The matter in this case is about two rival trademarks “SERO” Vs. “SERON”
– Whether the trademark held by the plaintiff has been infringed?
– Whether the copyright held by the plaintiff has been infringed?
The plaintiff, a registered partnership firm, was involved in manufacturing business, of garment
products and fashion wear, primarily for men. As a brand, one of its trademarks happened to be
“SERO”. The defendant, a sole proprietorship concern, adopted the label “SERON” for the
clothing sold by Aristo Apparels. The plaintiff placed the claim that such a label used by the
defendant was deceptively similar to the mark “SERO”, infringing their trademark and the
copyright in the artistic model of their mark.
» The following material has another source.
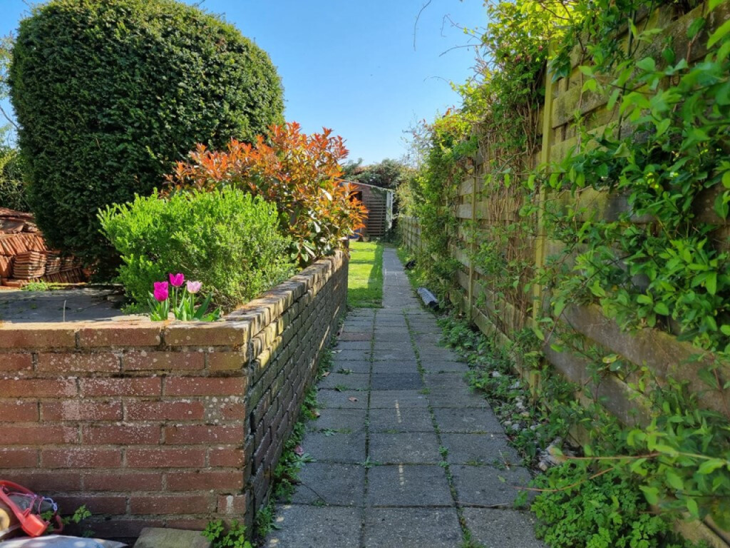 Via het pad naast het huis met de poort ben je snel aan de voorzijde van het huis.
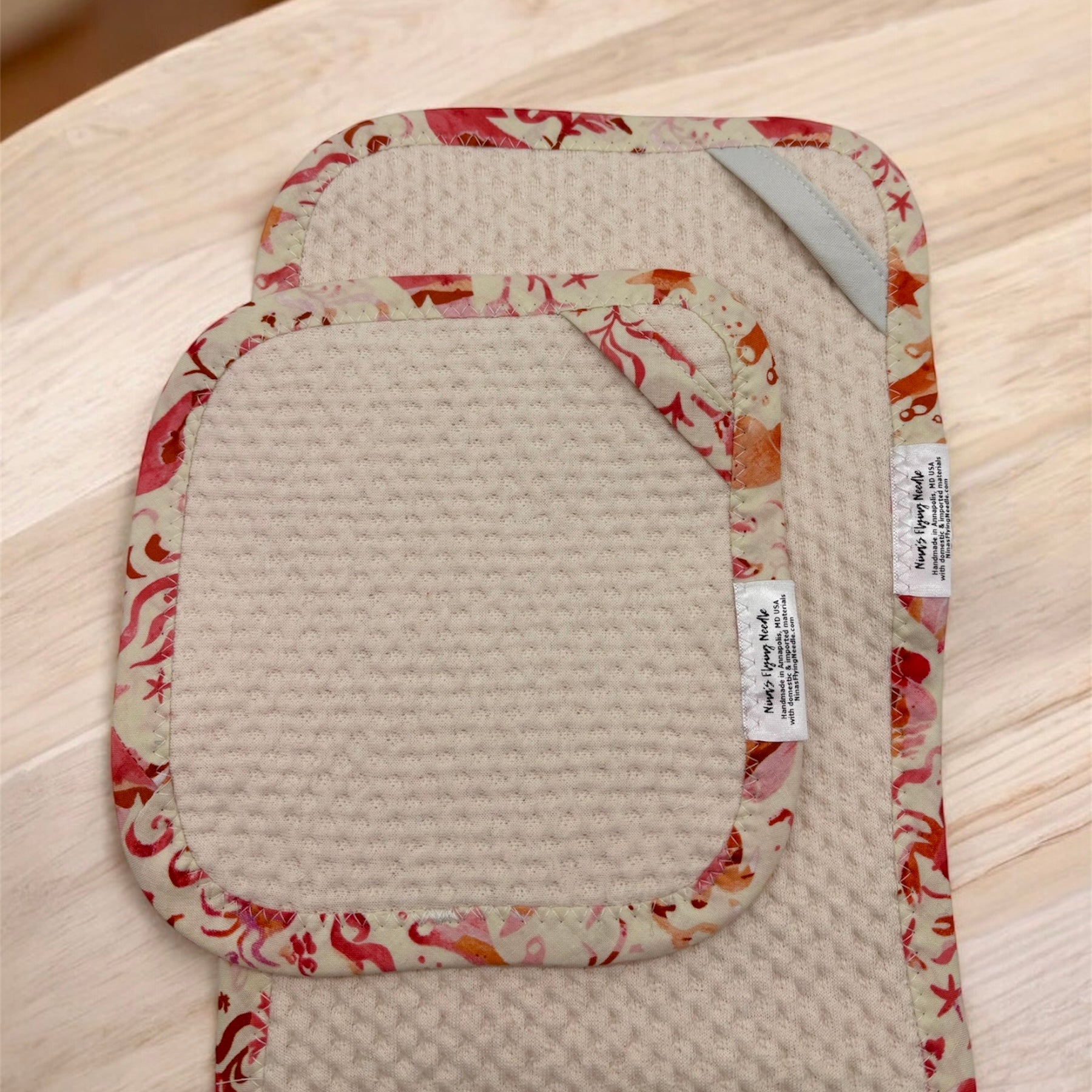 This set of 2 reusable paper towels is expertly crafted with precision. It includes both a STANDARD and a TINY size. The design is a print of ocean animals and plants in coral water colors. Made with 100% organic cotton fabric, these towels possess impressive Organic Antimicrobial properties and are both BPA-free and hypoallergenic. These towels are highly absorbent and exceptionally durable, hand-stitched with quality fabric from the USA. Measuring at 12 x 7.5 inches in size, they also come with a convenient hook for easy storage and drying.

The Court firstly compared the artistic work which served as the mark of the plaintiff and the
defendant’s mark. As described by the Court, it was seen that Plaintiff’s mark had an oval design
that was tilted, in which the cursive version of the alphabet “S” was placed. This mark had a
white border and one portion of it was blue in colour while the other part was red. The
defendant’s mark consisted of a similarly stylized “S” set inside a circle, which was also tilted.
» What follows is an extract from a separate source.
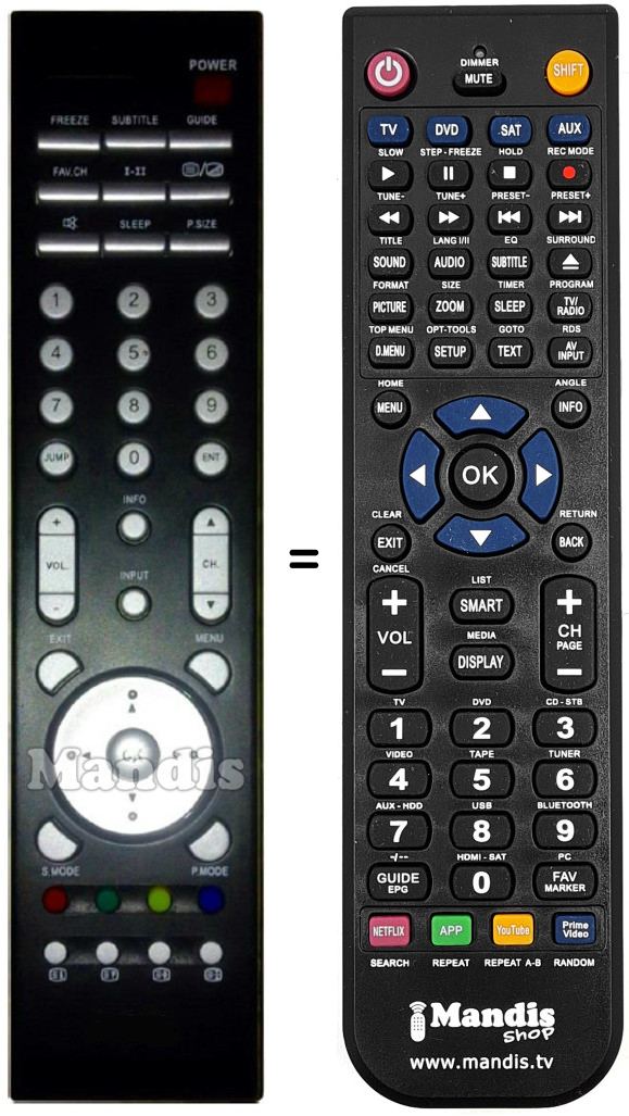 Télécommande qui remplace celle d'origine car elle possède les mêmes fonctions.

As seen in the plaintiff’s mark, one portion of the artistic work was red and the other portion was
blue. The border was black in colour. Along with such similarity witnessed in the artistic nature
of the mark, the Court also noted that the defendant had merely added the letter “N” to the name
of the plaintiff’s work. These similarities were witnessed in the same class of goods, i.e.,
readymade clothes for men.
As claimed by the plaintiff, the Court accepted that “SERO” is a coined work, and the registered
trademark in the same, gave proprietary rights in it to the plaintiff. The plaintiff managed to
establish the positive reputation and goodwill that their firm and products possessed. Hence this
portrayed the distinctiveness of the mark and sense of unique identification that could be
attributed to their firm. It was established by the plaintiff that the defendant had prior knowledge
about the existence and market presence of the plaintiff’s trademark, as it was noted that the
defendant went on to use his mark and sell products even after he had applied for a registration
for the label “SERON” in class 25 of the Trademarks Act. This was conclusive proof of the fact
that the defendant must have gained awareness about the registered trademark for “SERO.” The
Court held that such visual and phonetic similarity between the two marks amounted to a
trademark infringement on part of the defendant. On account of the copyright possessed by the
plaintiff in the artistic work of the mark, the Court held that this was also a subject of the
infringement, in lieu of the defendant’s act of printing such a mark on his products and selling
Hence the Court made an ad-interim order, issuing an injunction directing the defendants to
refrain from using any mark similar to that of “SERO”, such that the trademark and copyright
possessed by the plaintiff would be infringed. The Court Receiver was directed to seize and seal
every offending product that the Defendant stored, as empowered under Order XL Rule 1 of the
Code of Civil Procedure, 1908.
The facts, circumstances and decision in this case showcases a classic instance of willfully
undertaken efforts to make use of the good will, reputation and intellectual property rights
possessed by another, and pass off goods or services. The Court’s act of delivering the order after
noting that the defendant had not responded in spite of having been served twice, is an
appreciable pursuit, restoring faith in the judicial system.